ISSUE: Whether or not the complaint is a pollution case that falls within the
primary jurisdiction of the PAB.
HELD: Yes.
Although the complaint of Jalos, et al does not use the word
"pollution" in describing the cause of the alleged fish decline in the Mindoro
Sea, it is unmistakable based on their allegations that Shells pipeline
produced some kind of poison or emission that drove the fish away from the
coastal areas. While the complaint did not specifically attribute to Shell any
specific act of "pollution," it alleged that "the pipeline greatly affected
biogenically hard-structured communities such as coral reefs and led [to]
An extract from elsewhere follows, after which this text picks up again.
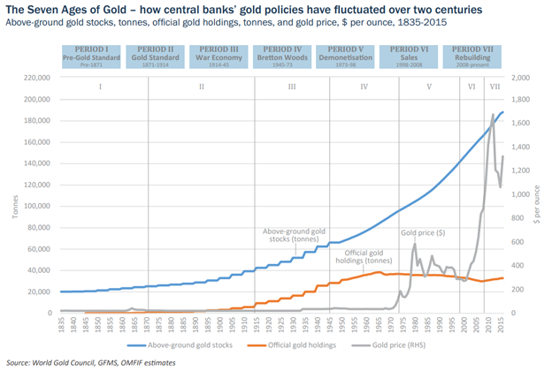 You can see in this chart that official gold holdings fell, represented by the orange line sloping downward starting in the mid-late 1960s and continuing through the 2000s.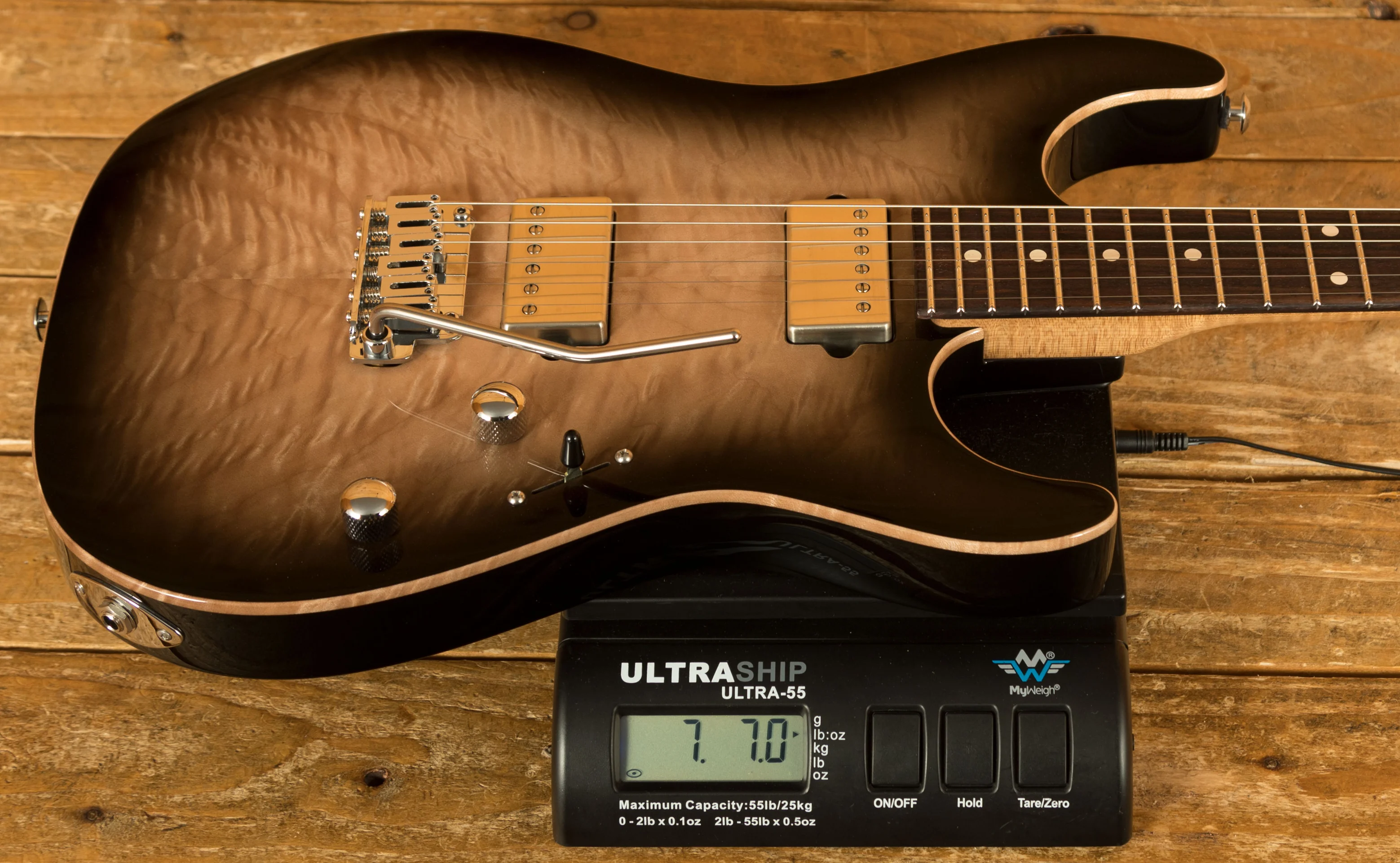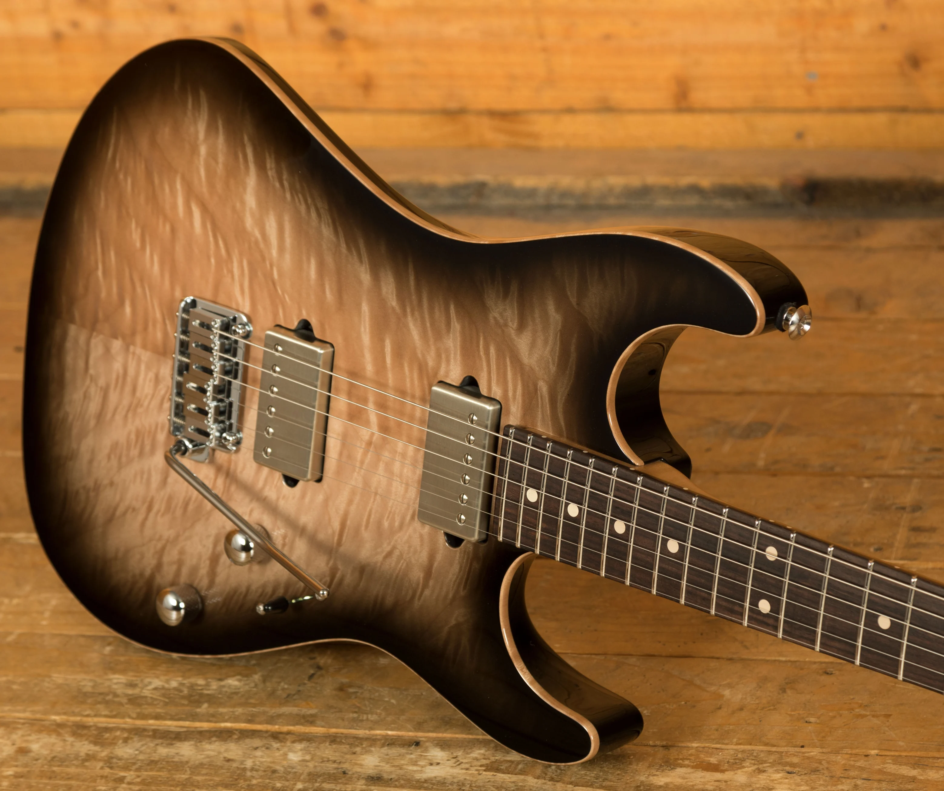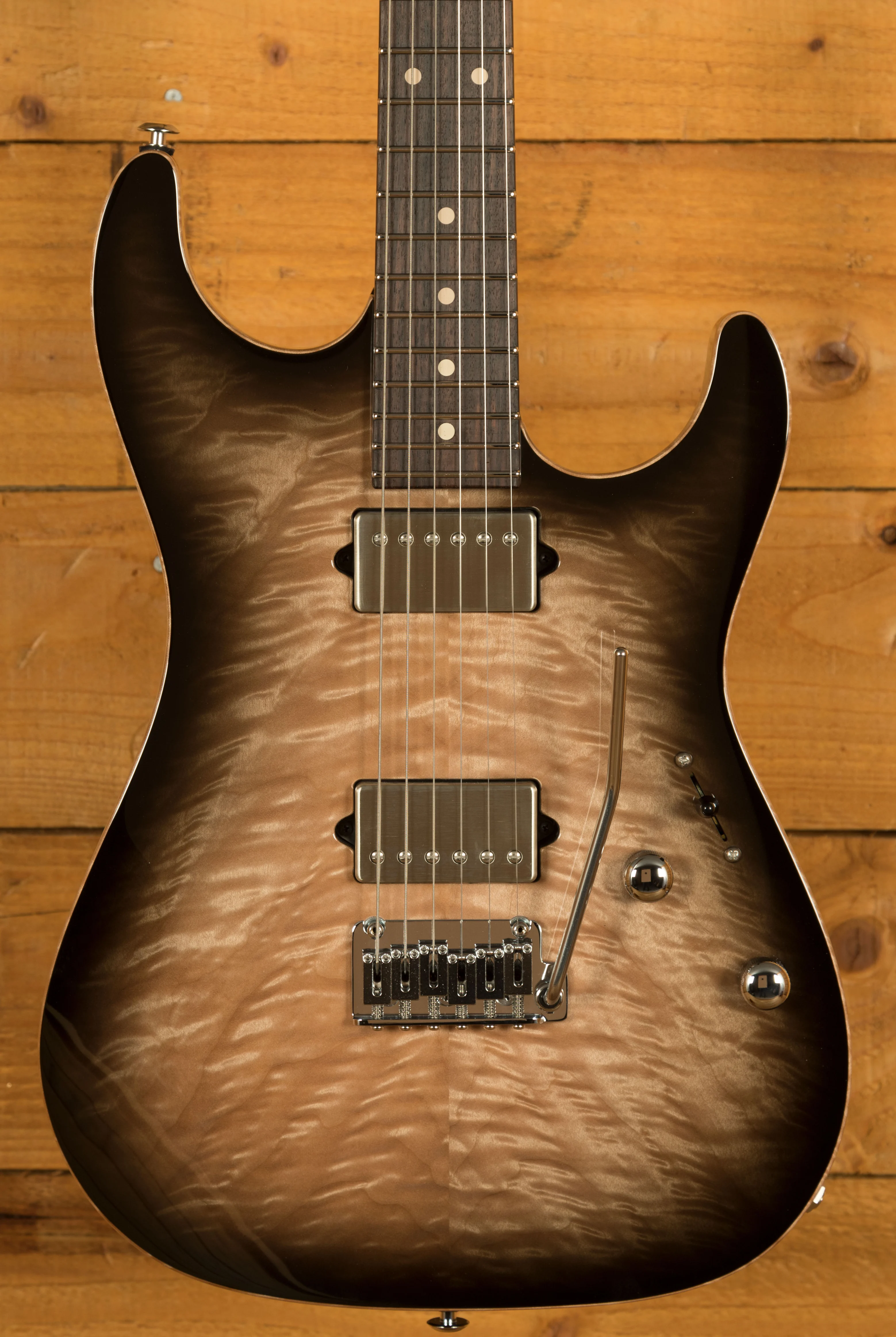 With the powerhouse pickup HH combo, this guitar delivers monster tonal options. With an SSH Plus at the bridge and an SSV at the neck, this guitar is really versatile. It's smooth and responsive and capable of kicking out some seriously raunchy tones. Even more versatility is given to players with a push-push control for wiring the bridge pickup in parallel.

stress to the marine life in the Mindoro Sea." This constitutes "pollution" as
defined by law. Section 2(a) of P.D. 984 defines "pollution" as "any
alteration of the physical, chemical and biological properties of any water x
x x as will or is likely to create or render such water x x x harmful,
detrimental or injurious to public health, safety or welfare or which will
adversely affect their utilization for domestic, commercial, industrial,
agricultural, recreational or other legitimate purposes." It is clear from this
definition that the stress to marine life claimed by Jalos, et al is caused by
some kind of pollution emanating from Shells natural gas pipeline. The
pipeline, they said, "greatly affected" or altered the natural habitat of fish
and affected the coastal waters natural function as fishing grounds.
Inevitably, in resolving Jalos, et als claim for damages, the proper tribunal
must determine whether or not the operation of the pipeline adversely
altered the coastal waters properties and negatively affected its life
sustaining function. The power and expertise needed to determine such
issue lies with the PAB. To this extent, the failure of Jalos, et al to allege in
their complaint that they had first taken resort to PAB before going to court
means that they failed to state a cause of action that the RTC could act on.
This warranted the dismissal of their action. Petition granted.